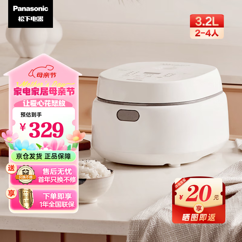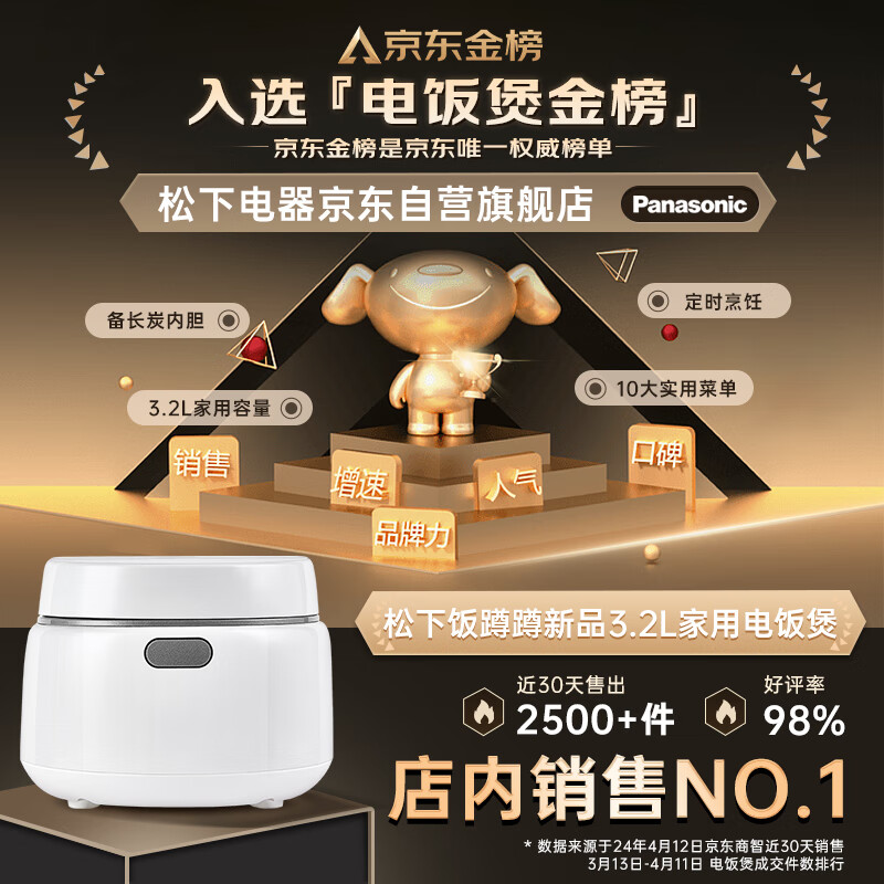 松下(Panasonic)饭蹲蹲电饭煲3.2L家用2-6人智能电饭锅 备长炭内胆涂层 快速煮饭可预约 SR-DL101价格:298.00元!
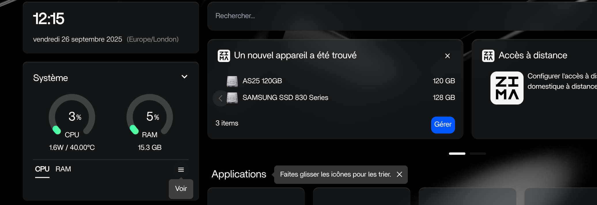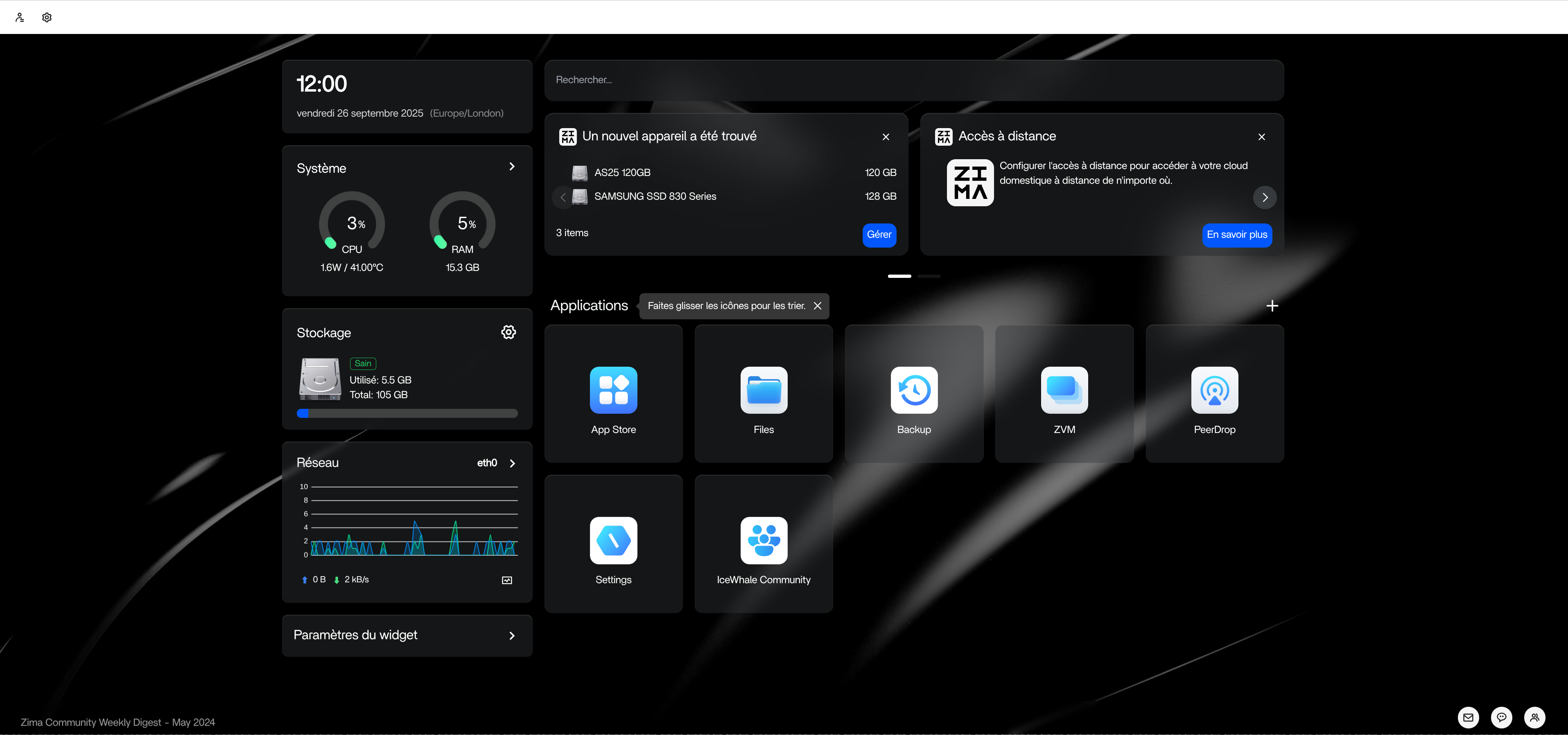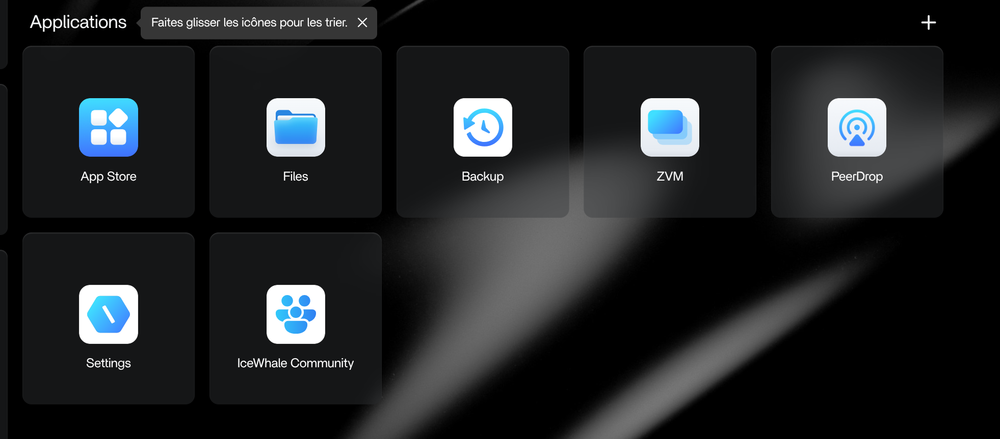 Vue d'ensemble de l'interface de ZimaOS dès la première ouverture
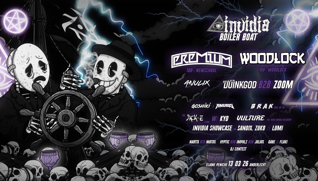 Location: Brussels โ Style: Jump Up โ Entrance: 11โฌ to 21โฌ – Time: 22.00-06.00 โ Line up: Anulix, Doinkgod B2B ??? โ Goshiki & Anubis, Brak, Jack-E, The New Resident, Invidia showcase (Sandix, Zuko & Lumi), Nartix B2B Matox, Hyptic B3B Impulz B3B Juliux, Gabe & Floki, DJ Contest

_ _ _ _ _

### What to do
Your answer should copy the listing word for word, with no pictures in it.

### Exercise output
 松下(Panasonic)饭蹲蹲电饭煲3.2L家用2-6人智能电饭锅 备长炭内胆涂层 快速煮饭可预约 SR-DL101价格:298.00元!
 Vue d'ensemble de l'interface de ZimaOS dès la première ouverture
 Location: Brussels โ Style: Jump Up โ Entrance: 11โฌ to 21โฌ – Time: 22.00-06.00 โ Line up: Anulix, Doinkgod B2B ??? โ Goshiki & Anubis, Brak, Jack-E, The New Resident, Invidia showcase (Sandix, Zuko & Lumi), Nartix B2B Matox, Hyptic B3B Impulz B3B Juliux, Gabe & Floki, DJ Contest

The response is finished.